氢能民用涡扇发动机总体性能建模与分析

For the potential application of hydrogen with zero-carbon emission and high energy density in the field of aeroengine power, this study constructs two thermal cycle models of hydrogen civil turbofan engine : direct fuel replacement type and water enhanced cycle type, and systematically compares the performance differences in equal thrust, equal pre-turbine temperature and equal core engine mass flow conditions. The study shows that by using hydrogen as fuel, the overall engine performance can be improved by about 5%, which verifies the feasibility of using hydrogen directly in existing aviation kerosene engines without changing the structure of components.

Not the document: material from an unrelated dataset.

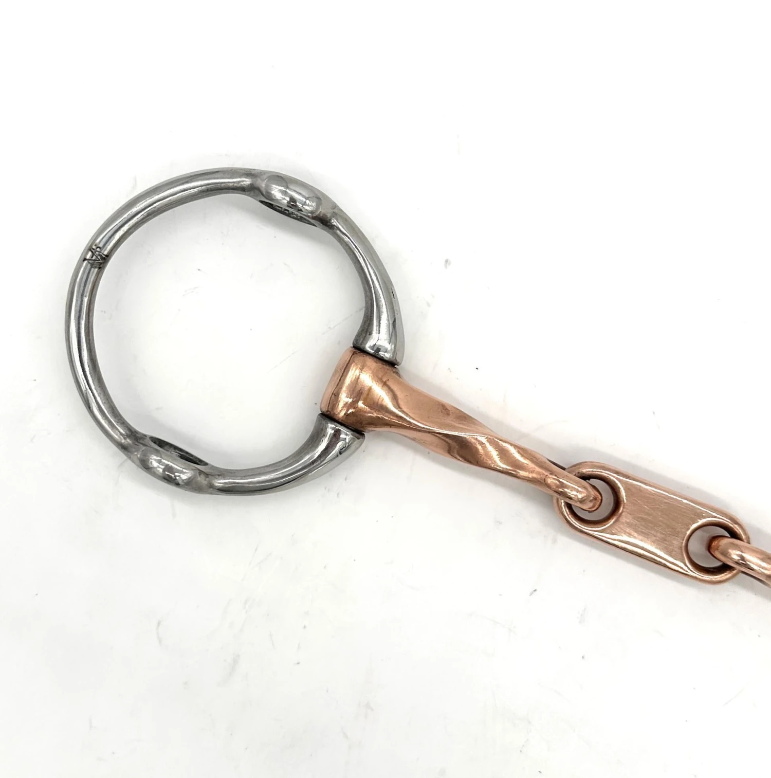 The Twisted Copper Fixed Gag with Dr. Bristol Link Bit combines a twisted copper mouthpiece for increased responsiveness with a Dr. Bristol link for even pressure distribution. The gag design offers a gentle lift, making this bit ideal for horses needing improved head carriage and refined balance.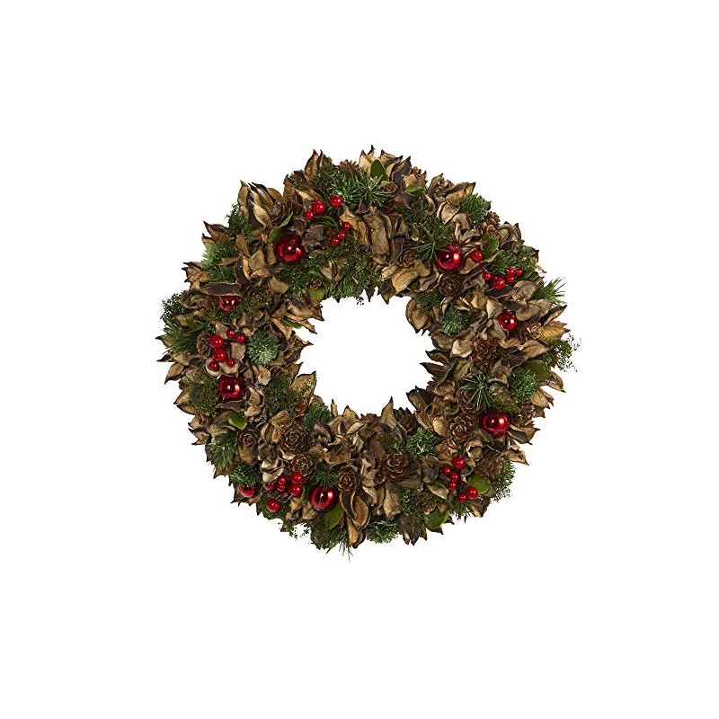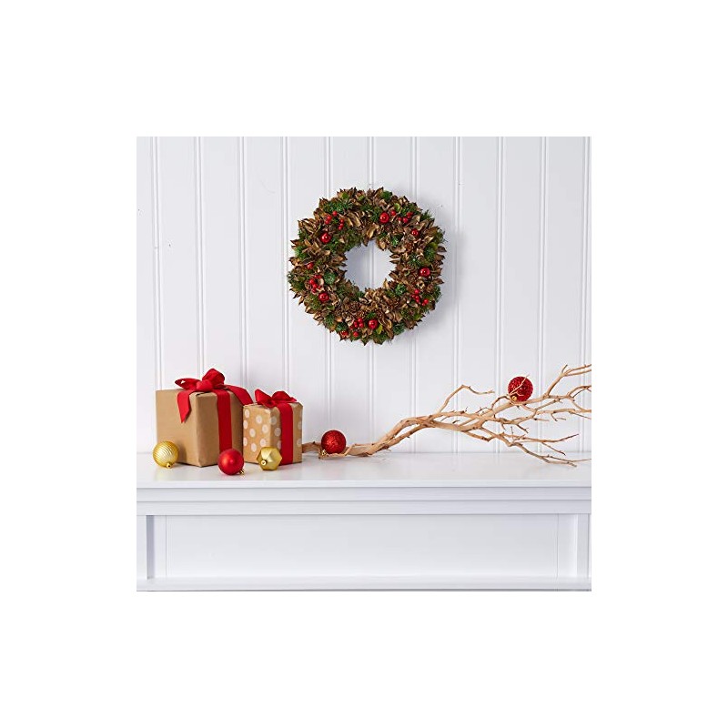 - Balanced mixed of artificial foliage ; Comes with decorative ornaments ; Suitable for either wall and/or door display ; Perfect for seasonal use ; Recommended for indoor use only ; Artificial wreaths are manufactured using synthetic materials and are well designed and constructed to be life-like in appearance ; Item will need to be re-shaped when removed from the box; this wreath can easily bend for reshaping purposes

For the water-enhanced turbofan engine, the exhaust water vapor recovery needs to reach 28% to have an energy consumption advantage. When the percentage of water vapor recovery reaches 50%, the combustion chamber outlet temperature can be reduced by 123 K, the thrust can be increased by 22.9%, and the energy consumption can be reduced by 14.6%. The analysis shows that, to fully utilize the advantages of the water-enhanced turbofan engine, it is necessary to adopt a large bypass ratio, while increasing the limit of the pre-turbine temperature and increasing the water vapor recovery percentage (up to 50%) . This study reveals the gain mechanism of the hydrogen application on the overall performance of the turbofan engine, which provides theoretical support for the selection of future hydrogen power systems.